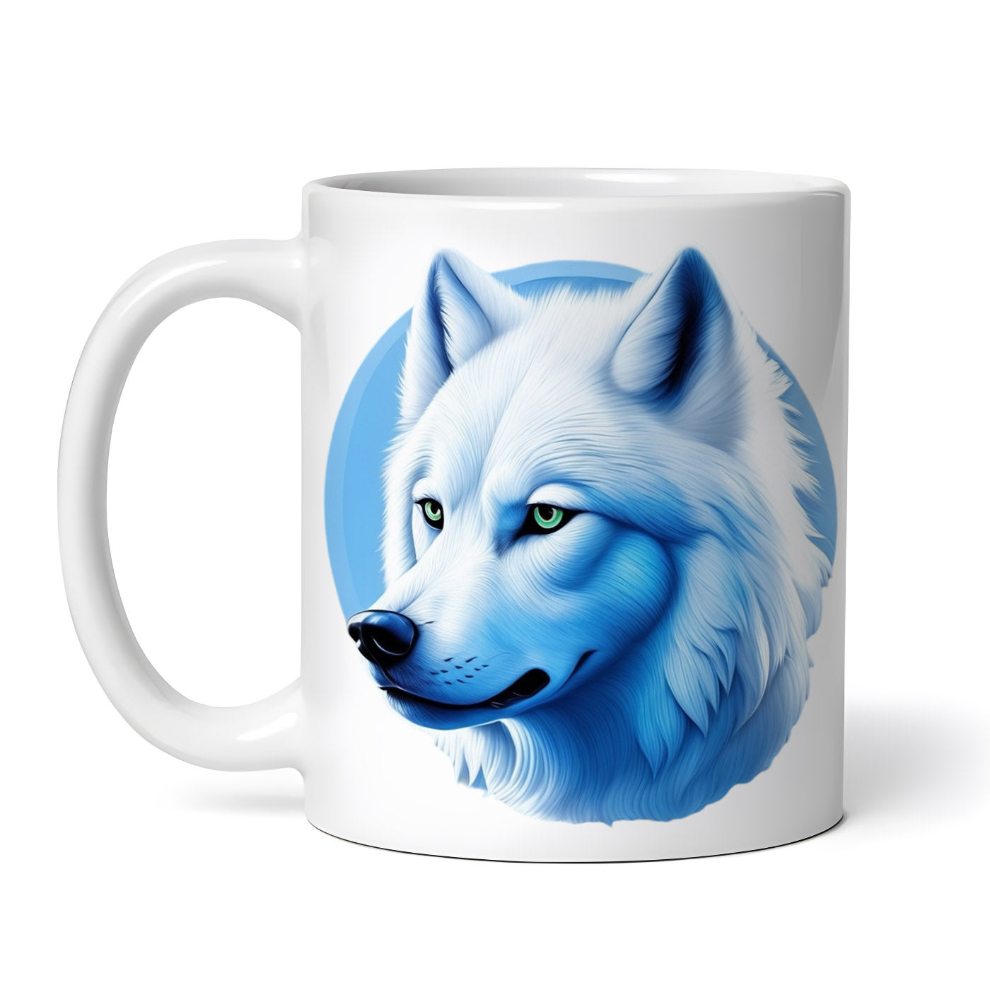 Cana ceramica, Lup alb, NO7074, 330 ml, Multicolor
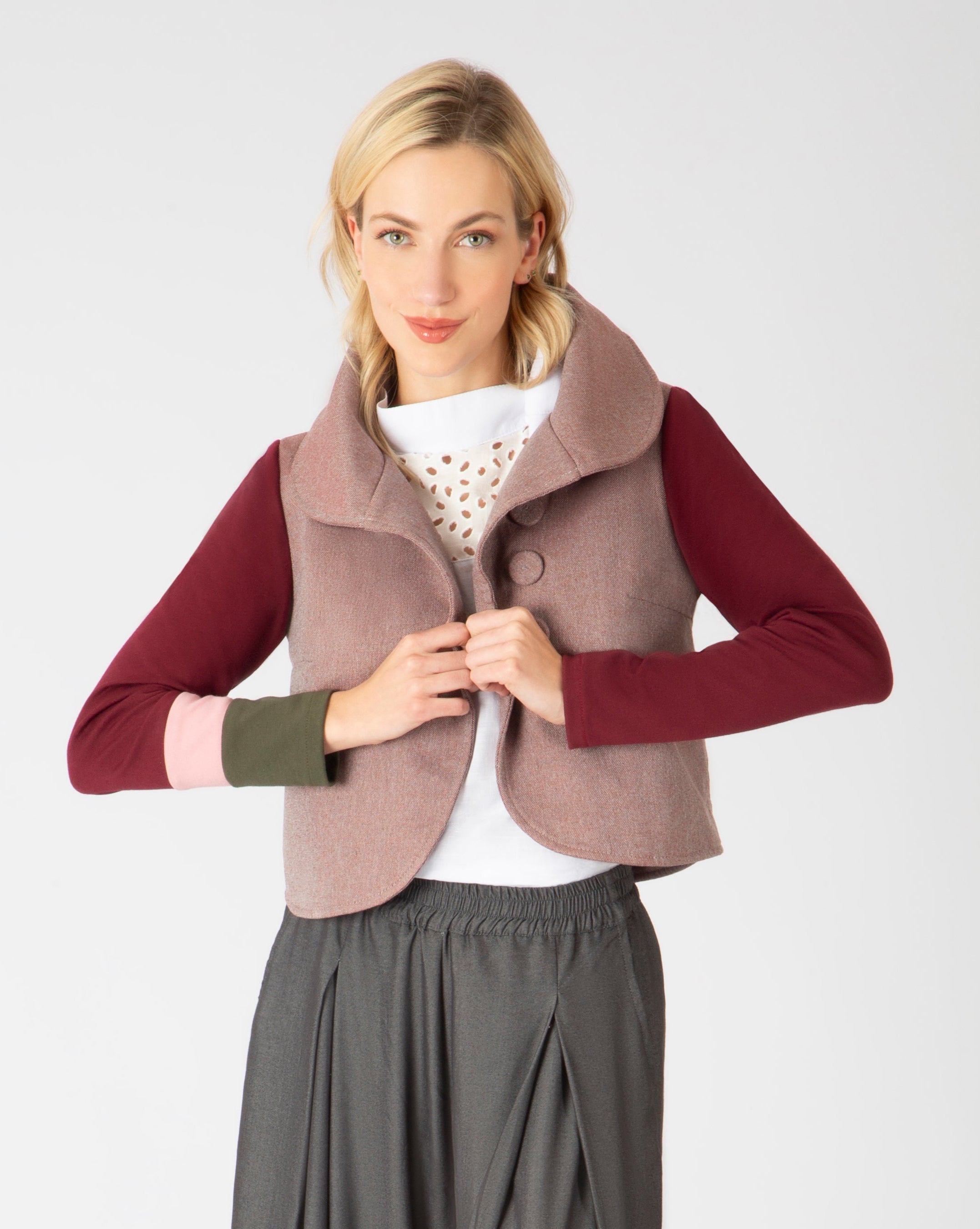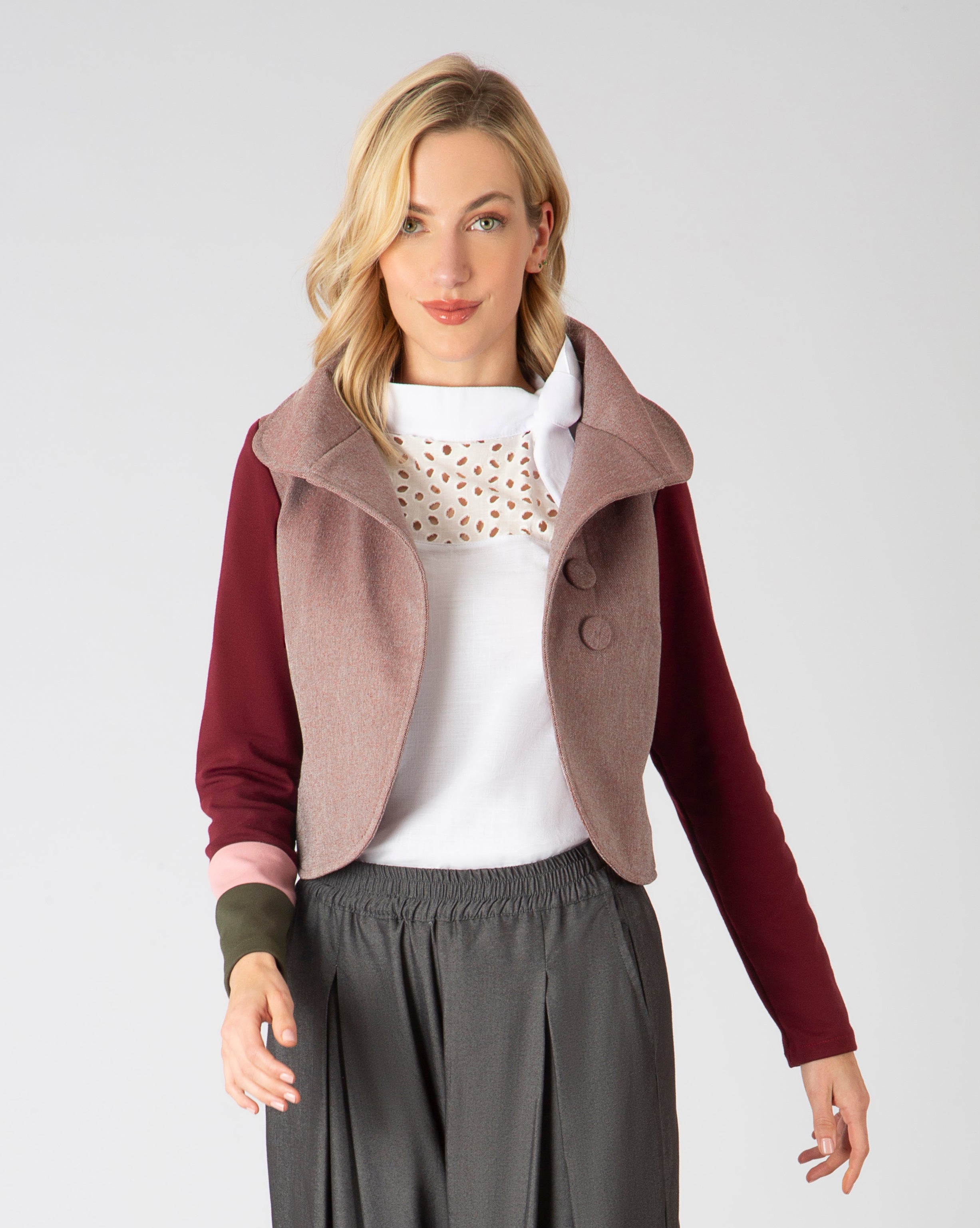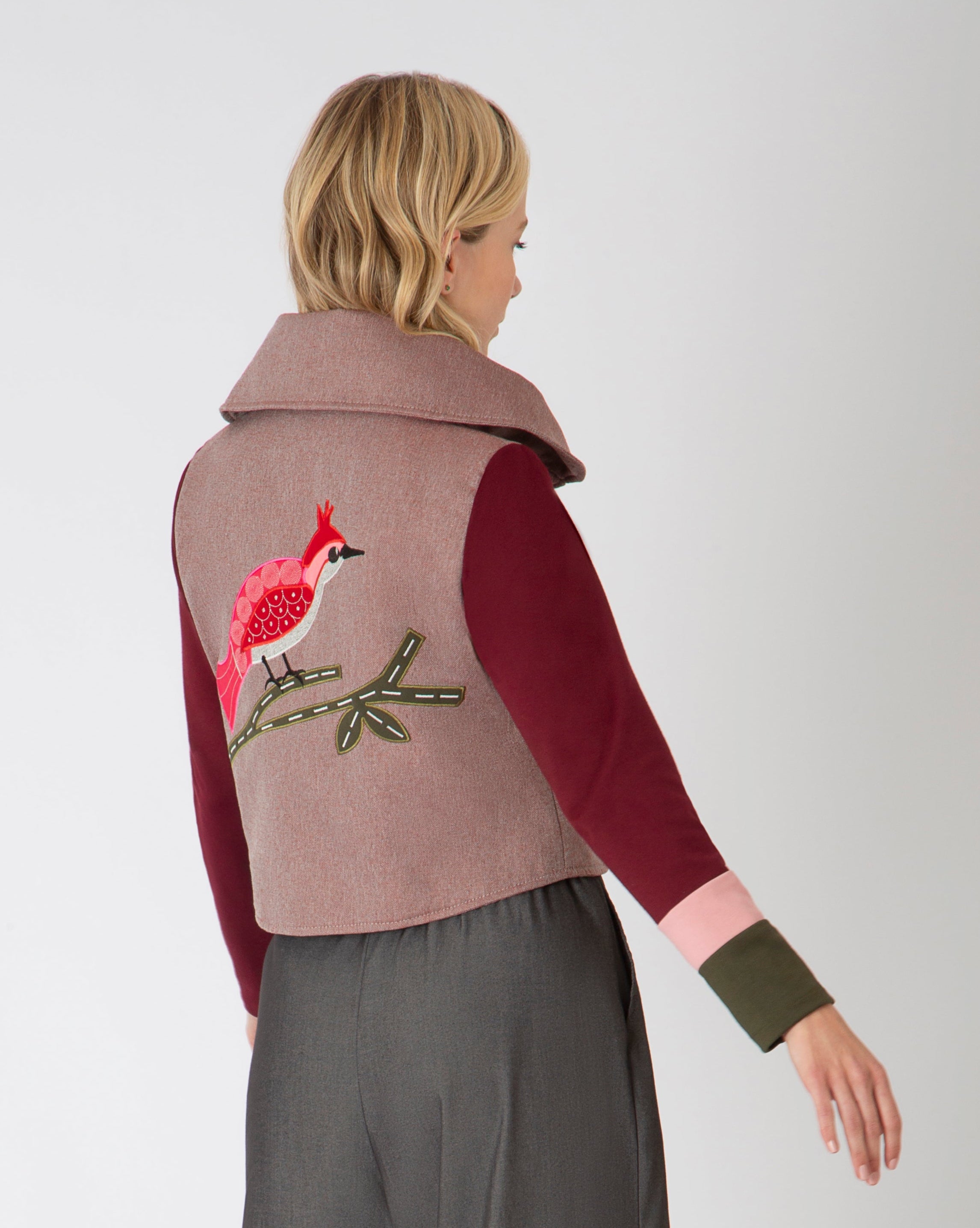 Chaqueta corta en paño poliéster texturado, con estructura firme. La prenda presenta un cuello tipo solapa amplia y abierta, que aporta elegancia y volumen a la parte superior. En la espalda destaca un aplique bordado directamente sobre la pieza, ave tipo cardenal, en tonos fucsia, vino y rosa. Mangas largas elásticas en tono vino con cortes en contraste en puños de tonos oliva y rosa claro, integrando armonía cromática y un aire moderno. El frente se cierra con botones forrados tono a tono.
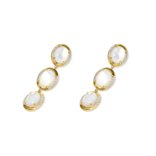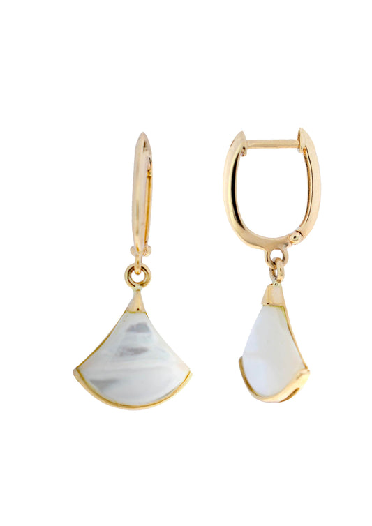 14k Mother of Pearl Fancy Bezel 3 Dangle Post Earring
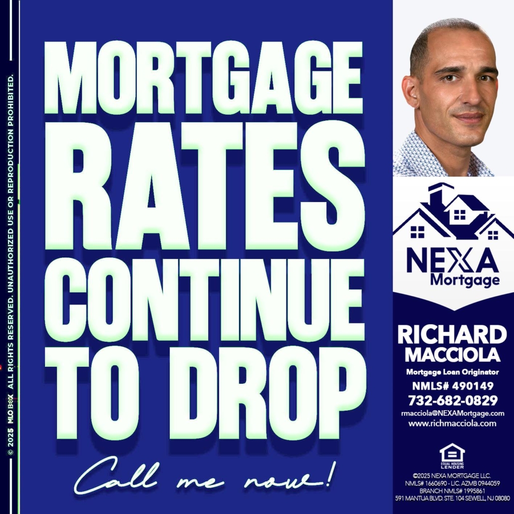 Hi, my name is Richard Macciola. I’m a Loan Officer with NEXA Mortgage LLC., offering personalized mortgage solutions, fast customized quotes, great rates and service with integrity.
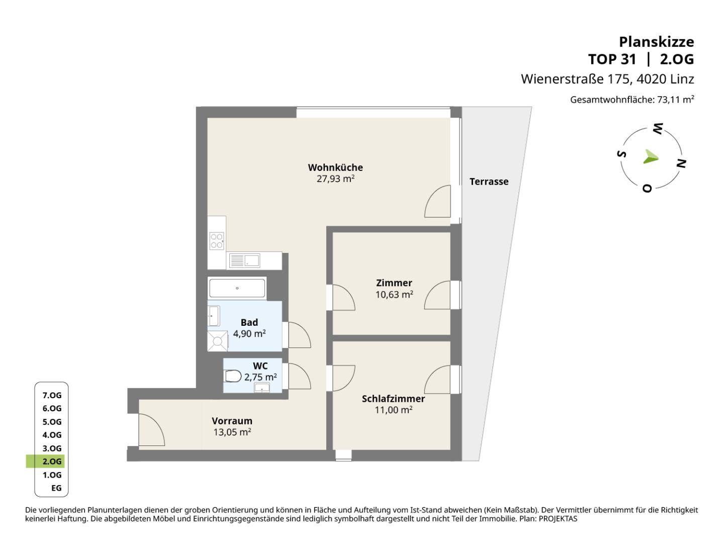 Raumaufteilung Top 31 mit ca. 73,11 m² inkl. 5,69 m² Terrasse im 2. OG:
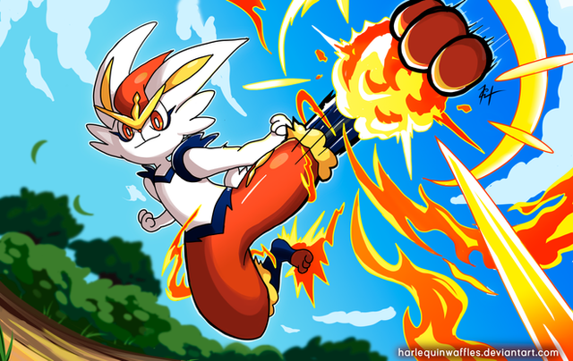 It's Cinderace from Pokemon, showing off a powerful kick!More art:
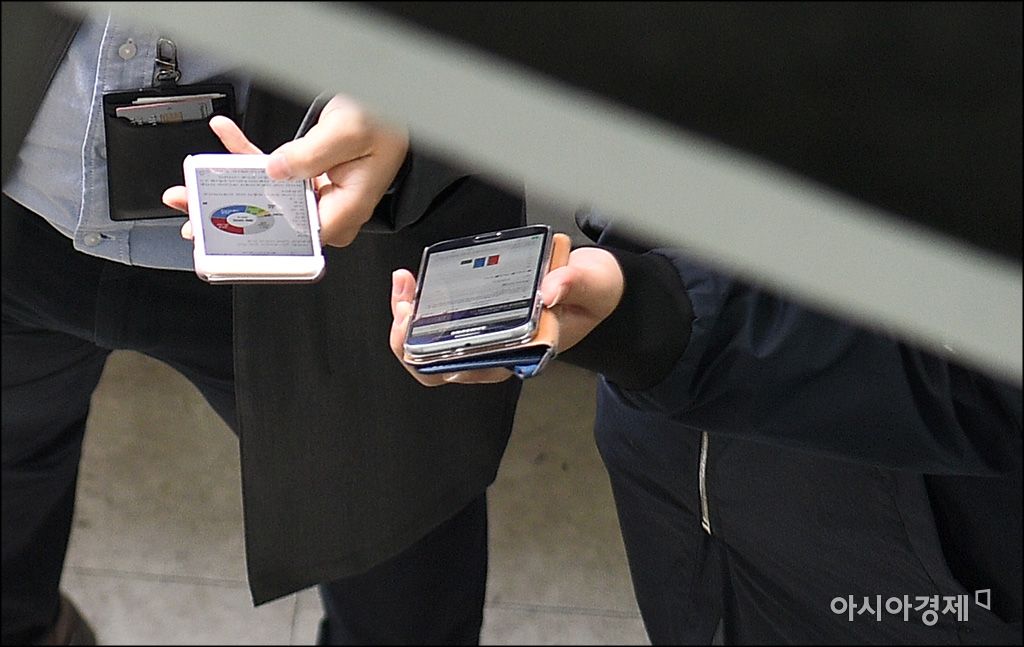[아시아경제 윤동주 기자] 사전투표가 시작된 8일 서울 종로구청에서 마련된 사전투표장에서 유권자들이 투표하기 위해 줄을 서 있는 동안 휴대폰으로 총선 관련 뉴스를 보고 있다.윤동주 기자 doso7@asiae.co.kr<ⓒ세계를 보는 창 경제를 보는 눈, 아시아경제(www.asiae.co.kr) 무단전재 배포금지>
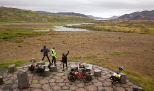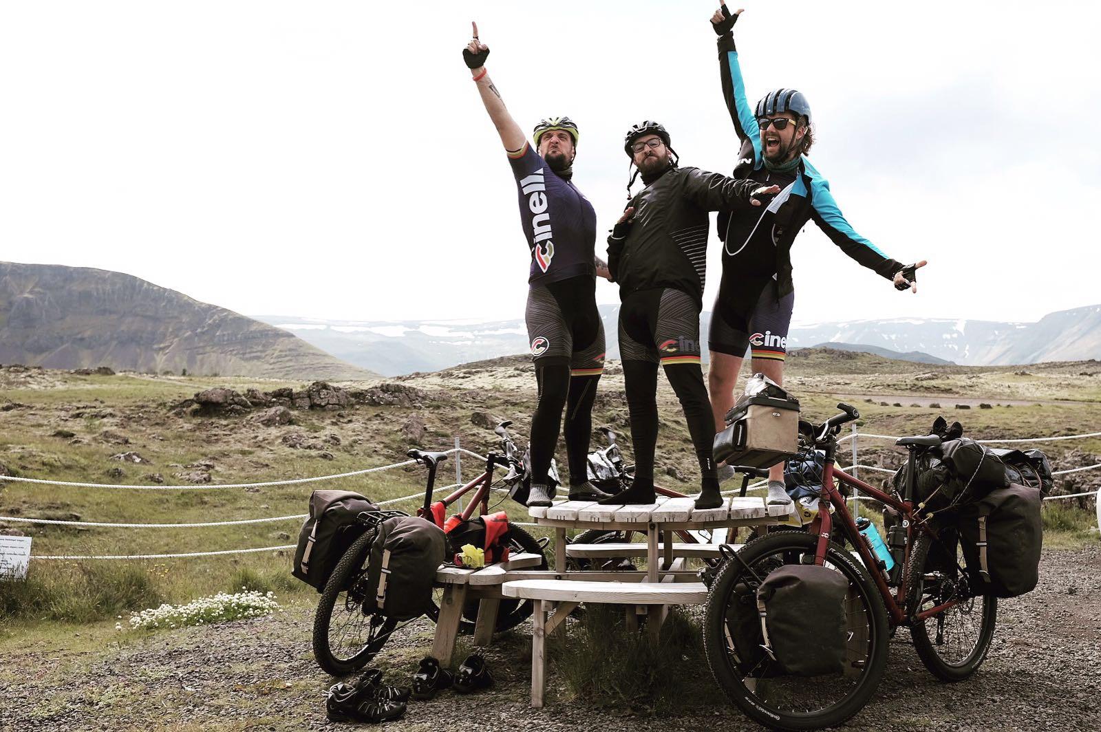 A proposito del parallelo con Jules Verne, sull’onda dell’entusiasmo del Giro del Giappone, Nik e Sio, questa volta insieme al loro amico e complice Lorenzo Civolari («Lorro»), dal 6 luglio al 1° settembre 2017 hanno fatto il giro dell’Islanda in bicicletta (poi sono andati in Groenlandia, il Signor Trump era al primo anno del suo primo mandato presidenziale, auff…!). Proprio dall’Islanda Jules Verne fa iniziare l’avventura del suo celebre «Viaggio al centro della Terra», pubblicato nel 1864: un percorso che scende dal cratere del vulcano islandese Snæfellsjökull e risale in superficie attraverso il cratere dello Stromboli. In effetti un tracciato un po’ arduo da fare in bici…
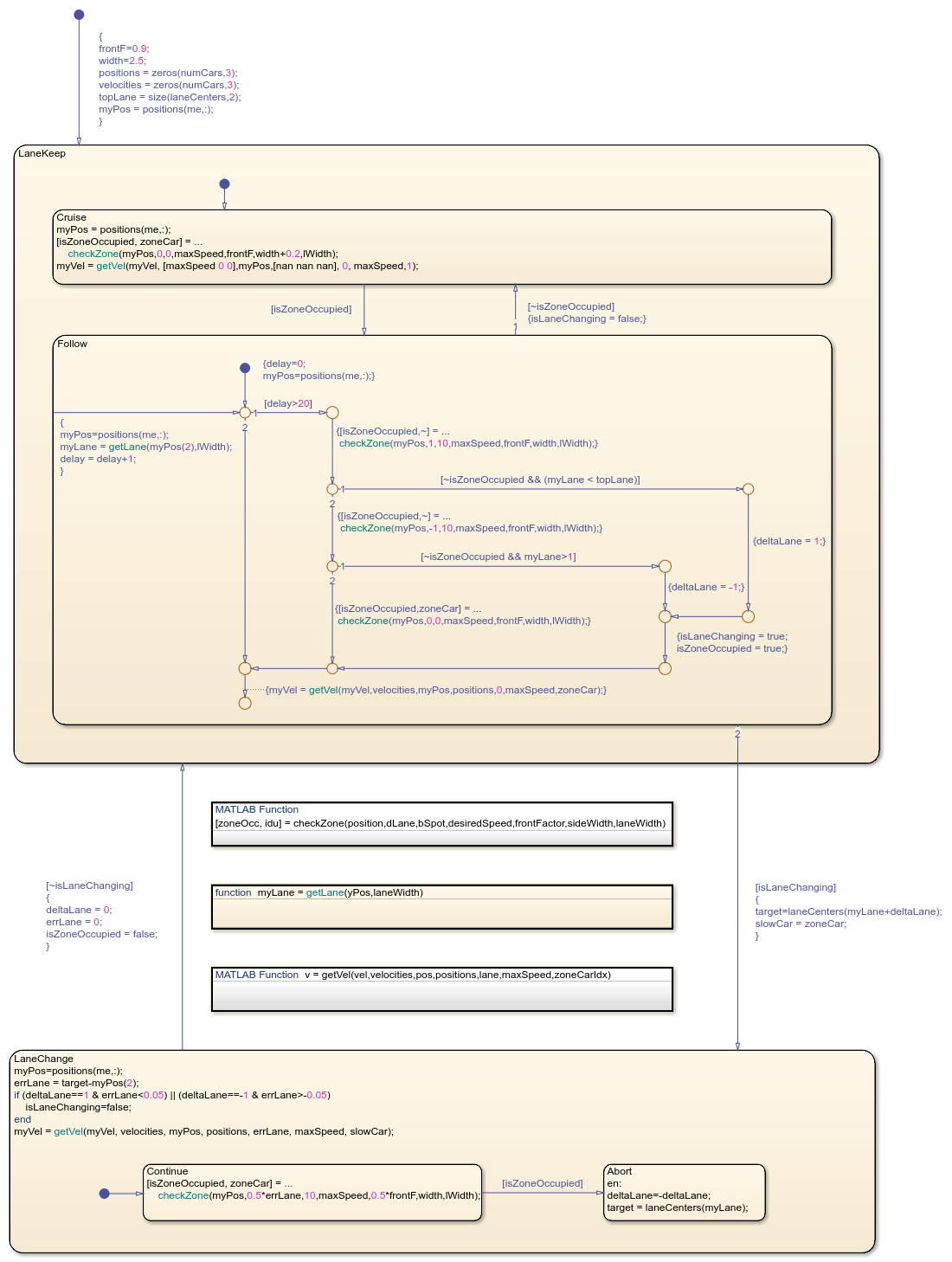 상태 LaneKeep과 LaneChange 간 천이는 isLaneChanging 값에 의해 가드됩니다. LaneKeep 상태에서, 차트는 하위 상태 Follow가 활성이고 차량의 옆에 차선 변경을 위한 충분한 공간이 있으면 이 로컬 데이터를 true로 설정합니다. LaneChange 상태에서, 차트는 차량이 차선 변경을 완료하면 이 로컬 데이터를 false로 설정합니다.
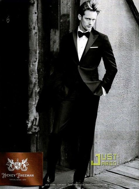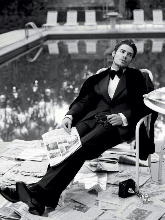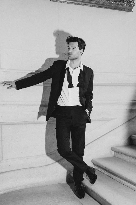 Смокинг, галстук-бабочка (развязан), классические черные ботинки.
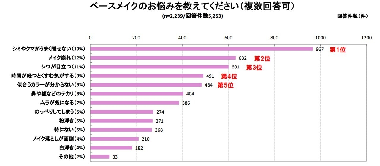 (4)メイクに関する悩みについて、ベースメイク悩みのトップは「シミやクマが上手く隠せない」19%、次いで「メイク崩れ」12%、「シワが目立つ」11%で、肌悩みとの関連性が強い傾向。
= = = = = = =
▸ **TASK STATEMENT**:
Print nothing except the lines above from the one containing "Raumaufteilung Top 31" down to the one containing "[아시아경제 윤동주 기자]", both included, exactly as written and free of pictures.

▸ **SOLUTION**:
 Raumaufteilung Top 31 mit ca. 73,11 m² inkl. 5,69 m² Terrasse im 2. OG:
 It's Cinderace from Pokemon, showing off a powerful kick!More art:
[아시아경제 윤동주 기자] 사전투표가 시작된 8일 서울 종로구청에서 마련된 사전투표장에서 유권자들이 투표하기 위해 줄을 서 있는 동안 휴대폰으로 총선 관련 뉴스를 보고 있다.윤동주 기자 doso7@asiae.co.kr<ⓒ세계를 보는 창 경제를 보는 눈, 아시아경제(www.asiae.co.kr) 무단전재 배포금지>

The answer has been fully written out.